### INFORMATION PROVIDED
==*==
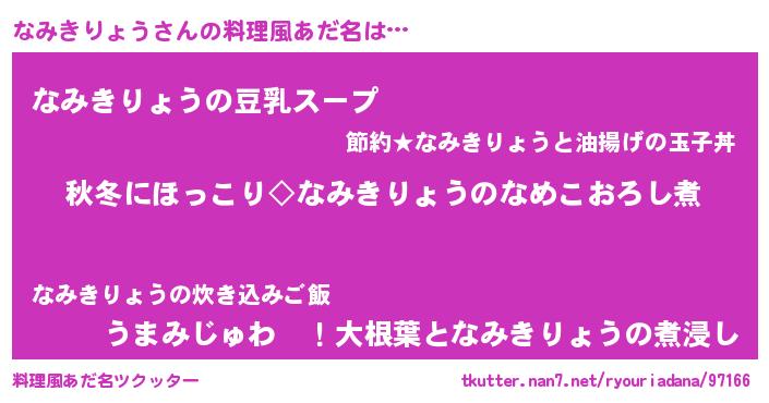 | 意味不明あだ名 | 『とにかく怪しいなみきりょう』 |
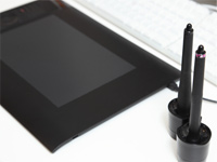 蛯原さんはIntuos4用のペンを2本用意し、1本は標準径ラバーグリップを、もう1本は太径ラバーグリップを取り付けて使用している。作業内容によって2本のペンを使い分けることで、作業効率や作品の仕上がり品質が大幅にアップしたそうだ
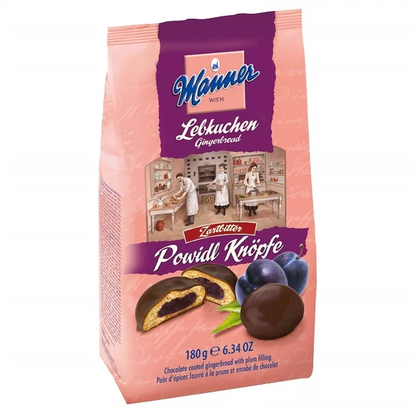 Lágy, fűszeres mézeskalács korongok finom szilvás töltelékkel és étcsokoládé bevonattal. A Manner Knöpfe karácsonyi különlegessége harmonikusan ötvözi a gyümölcsös és fűszeres ízeket, ideális ünnepi nassolnivaló.
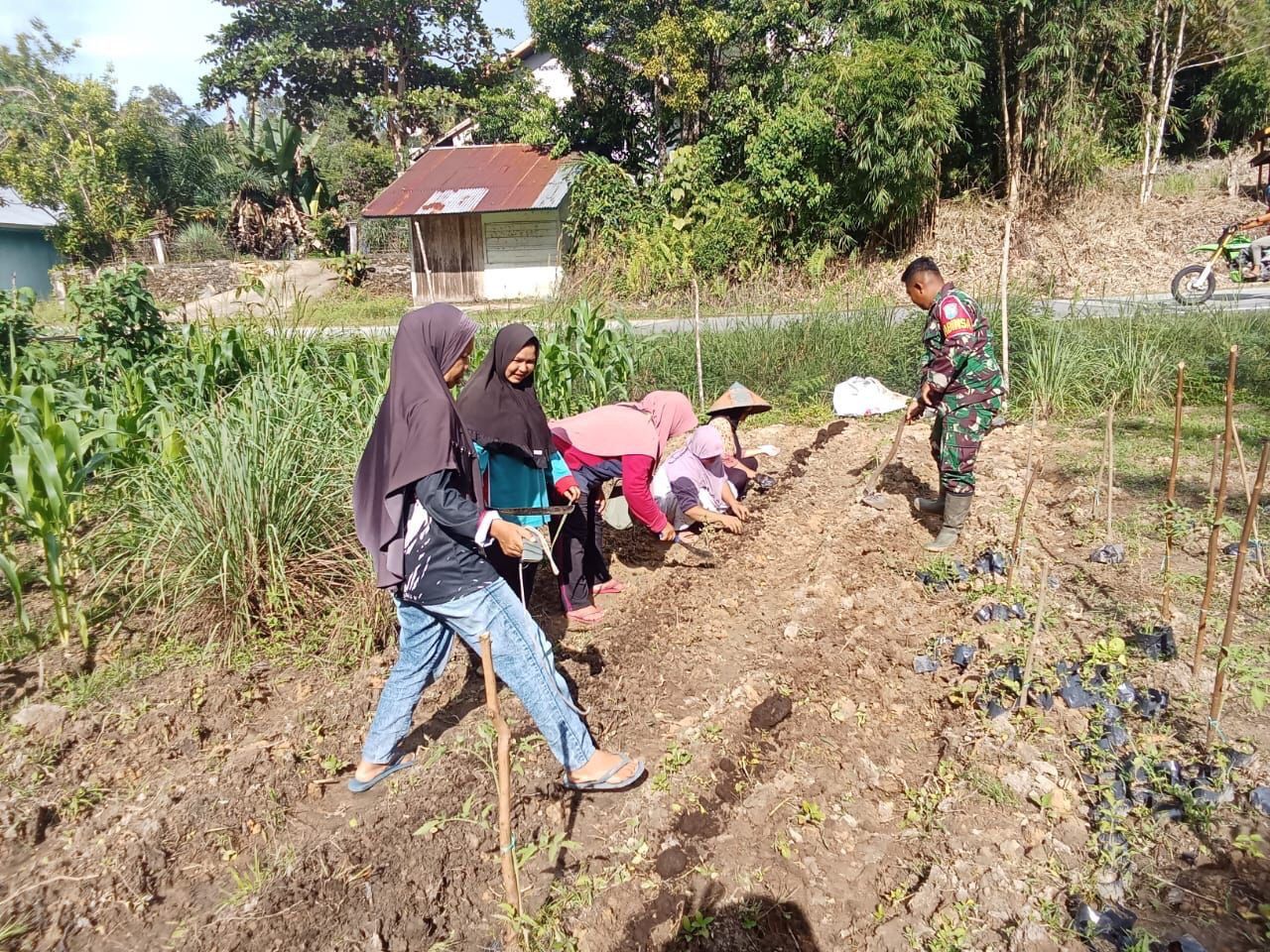 Kegiatan ini bertujuan untuk meningkatkan peran aktif masyarakat, khususnya kaum ibu, dalam memanfaatkan lahan pekarangan guna menunjang kebutuhan pangan keluarga. Dalam pelaksanaannya, Babinsa turut memberikan motivasi serta edukasi kepada anggota PKK tentang pentingnya kemandirian pangan melalui pemanfaatan lahan yang ada.
==*==
An exact transcription of the data above is needed, without the pictures.

### PROBLEM SOLUTION
 | 意味不明あだ名 | 『とにかく怪しいなみきりょう』 |
 蛯原さんはIntuos4用のペンを2本用意し、1本は標準径ラバーグリップを、もう1本は太径ラバーグリップを取り付けて使用している。作業内容によって2本のペンを使い分けることで、作業効率や作品の仕上がり品質が大幅にアップしたそうだ
 Lágy, fűszeres mézeskalács korongok finom szilvás töltelékkel és étcsokoládé bevonattal. A Manner Knöpfe karácsonyi különlegessége harmonikusan ötvözi a gyümölcsös és fűszeres ízeket, ideális ünnepi nassolnivaló.
 Kegiatan ini bertujuan untuk meningkatkan peran aktif masyarakat, khususnya kaum ibu, dalam memanfaatkan lahan pekarangan guna menunjang kebutuhan pangan keluarga. Dalam pelaksanaannya, Babinsa turut memberikan motivasi serta edukasi kepada anggota PKK tentang pentingnya kemandirian pangan melalui pemanfaatan lahan yang ada.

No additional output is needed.